Wednesday: 18 July, 2012 –– 15th Week in Ordinary Time
Isaiah 10:5–7, 13b–16 / Matthew 11:25–27
Seeing God At Work
God is at work in our world all the time. It is a gift of faith to be able to recognize this. Not everyone has faith, and embryonic faith needs to be nurtured beyond a basic belief in “God.”
Scripture gives us stories of God at work. Here we can see details chronicled by people whose relationships with God withstood the test of time. But when we read the details, we find that God’s ways are not easy to understand. God says exactly this in another part of Isaiah’s prophecies –– that his thoughts and ways are above ours.
There are hard things in God-stories. In today’s Isaiah passage we are told that God is using Assyria –– a pagan and profane empire –– to chastise Israel. The pagans think they are acting on their own power, and God promises to straighten out their thinking on that later. But in the meantime, God is going to allow Assyria to do some hard and awful things to Israel.
This seems to be in conflict with a more narrow understanding of God at work: God is at work in our world all the time for our good. Why, then, the hard things? It is important here to focus on the word “good.” It is human nature for us to want to define “good” according to our own measure. We think something is good if it is pleasant, comfortable or convenient. We are short-sighted. We too quickly focus on the things that affect us immediately.
God is working for our good beyond right now –– even beyond this world as we now know it. Another way to say that “God is at work all the time for our good” is to say “God is at work all the time for our salvation.” This is our greatest good.

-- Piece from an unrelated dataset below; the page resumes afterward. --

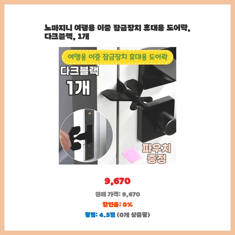 여행 중 숙소 문의 안전이 걱정되어 추가 보안장치를 찾던 중 이중 잠금장치 기능과 휴대성이 좋은 이 제품을 선택했습니다. 다크블랙 색상도 마음에 들었고, 가격도 적당했습니다.

If God needs to work through hard things to break our sense of self-sufficiency and our stubbornness in choosing our own way, then that is a good thing to do. When God lets us see or even taste a bit of the effect of rebellion (i.e., the repercussions of sin), then that is a saving thing to do.

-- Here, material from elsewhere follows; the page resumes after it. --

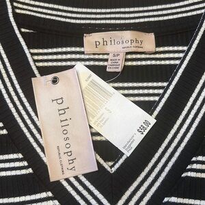 Philosophy Republic V Neck Striped Top Black and White Size Small NWT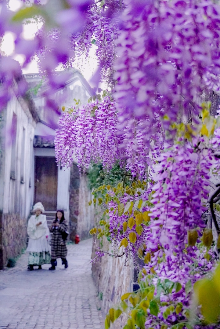 惠山古镇内多处地方都有种植紫藤,花开为紫,茎绕为藤,柔中有刚,紫气东来,既浪漫又吉祥。

In Jesus Christ, we see the working of God (and his full character) compressed into a single human life. In the teachings and examples of Jesus we see perfect goodness. In Jesus’ death on the cross we see the repercussion of our self-will and and rebellion. Jesus gives us the context to understand all the other God-stories. In Jesus Christ we see God at work in our world for our salvation.
In today’s Gospel, Jesus himself rejoiced in prayer to the Father, exclaiming that it is faith that lets a person see these things. God is at work in our world all the time.... for our good.... for our salvation. The Father sent the Son. The Son shows us the Father. It is the gift of faith that enables us to “see.” If you can see, be thankful. If you can see, show it in the way you live.